Major World Cup 2022 contractors draw up plans to leave Qatar amid Gulf row

Qatar is entering a crucial period in its preparation for the 2022 World Cup football tournament, and the current diplomatic row with its Gulf neighbors could unhinge the country’s construction buildup. (Reuters)

LONDON: Major Western contractors for the Fifa World Cup 2022 in Qatar are working on departure plans as its continuing dispute with Gulf neighbors could delay the country’s £160 billion construction program.
A World Cup supplier, who declined to be named citing client sensitivities, warned fresh sanctions threatened by the UAE last week could shift the dial in favor of companies leaving, the British newspaper Telegraph reported.
“We have a team working on contingency planning,” the source said. “Should further sanctions come in companies will have to reassess their investment and their presence in Qatar. If the risk profile changes we would take evasive action to protect our investments and our people.”
Qatar is entering into a crucial phase of its build up for the Fifa tournament, with British and American firms, including star architects Foster + Partners, Zaha Hadid Architects, engineer Arup and US program managers CH2M and Aecom, playing leading roles on World Cup stadium projects.
FTSE 250-listed contractors Interserve and Carillion, consultants Turner & Townsend, Gleeds and RLB also have a presence in Qatar.
Qatar has not confirmed the number of World Cup 2020 stadiums, which it plans to build on a staggered basis over a three-year period from 2018-2021, although it is expected to construct eight.
The country however has began cutting some of the peripheral projects for the football tournament as declining gas prices have put pressure on the government budget.

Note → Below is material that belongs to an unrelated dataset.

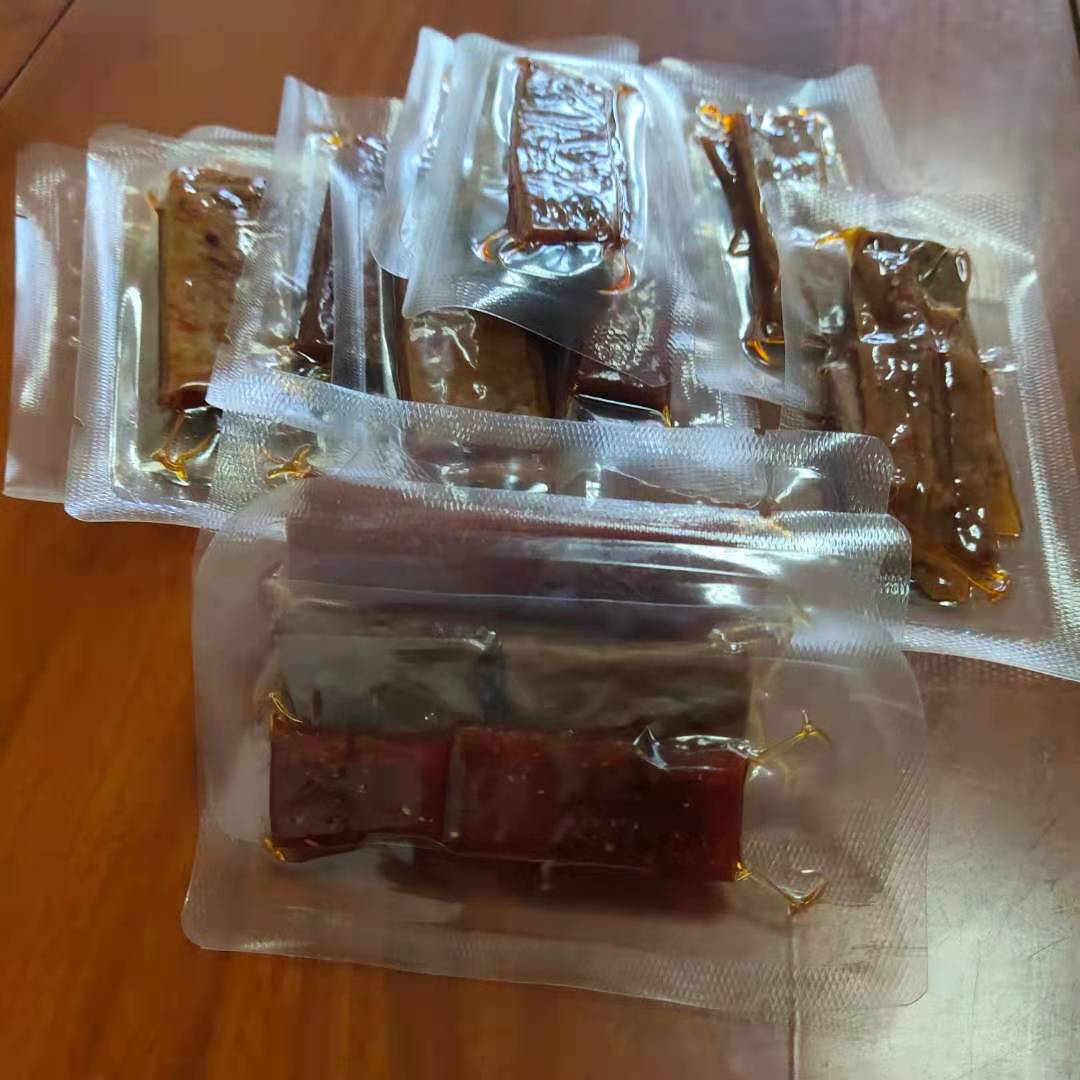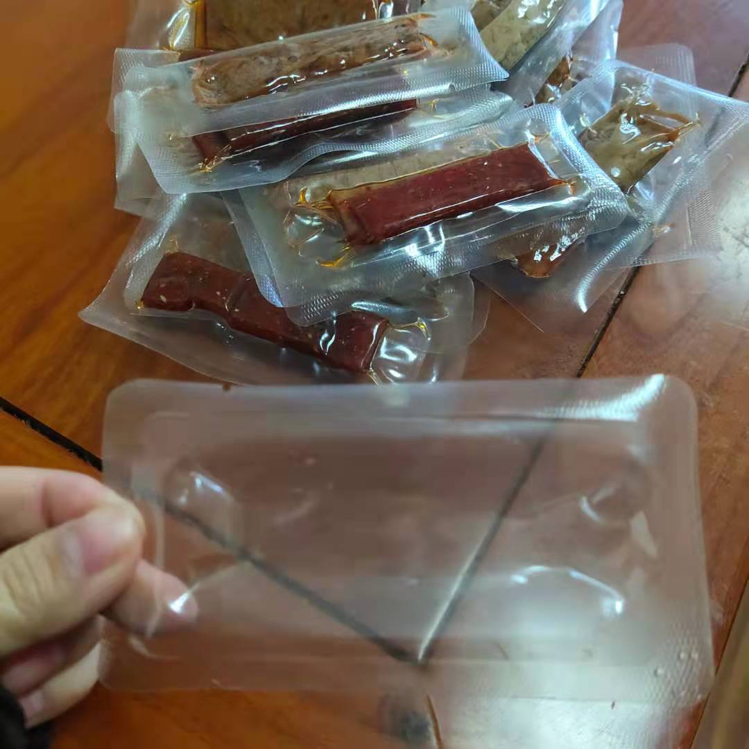 昨天有幾個客戶來公司參觀我們的全自動拉伸膜真空包裝機,正好有個客戶是做豆制品小零食的老板,拿來一些食品,想用拉伸膜真空包裝機包裝一下,看看效果如何,因為現在快銷食品甚是受歡迎,產量一直在提高,普通的設備已經不足滿足現狀的需求了,效果可以的話,要定制2臺辣條全自動拉伸膜包裝機回去用,正好實驗了一下,感覺還蠻不錯的,今天分享給大家一些圖片。
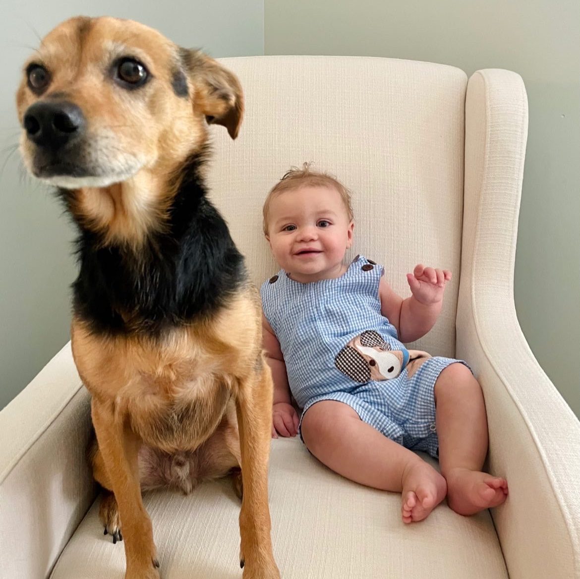A boy & his dog! Fun fact: I bought this cute little outfit back when I was pregnant. I saw it and thought the dog looked just like Ace!! It’s so hard to find things that have Ace’s breed on it because well…. rescue dog! Brewer loves his Acey Pants and Nashy Bashy Bear! Seriously, he laughs OUT LOUD at the dogs!

The Telegraph also said that another contractor viewed Qatar’s row with fellow Gulf Arab states as a “difference of principle that is unlikely to go away for months, maybe a year”.
Although the company was not itself working on contingency plans, it added: “I’ve spoken to competitors who are saying we work in Doha and Abu Dhabi, we are going to have to choose one or the other.”
A lawyer working with the Qatari government however downplayed the talk of contingency planning as an ‘over-reaction by weak bosses in boardrooms’ and claimed Qatar’s ally Turkey could step in to help build projects.
The trade and travel blockades have already interrupted or stopped smaller projects in Qatar as contractors struggle to source the materials and labor they need.
Most of the materials required for building World Cup stadiums had been coming by land route through Saudi Arabia, which is now blocked.
However, Ghanim Al-Kuwari, executive director at the Qatari committee overseeing preparations for the World Cup, said that the blockades did not have an effect on World Cup 2022 preparations.
“We have actually organized alternative sources from other areas in order that the work on the project is not impacted,” he said, adding while some goods had come by land, most materials were coming by sea and some other materials are sourced locally.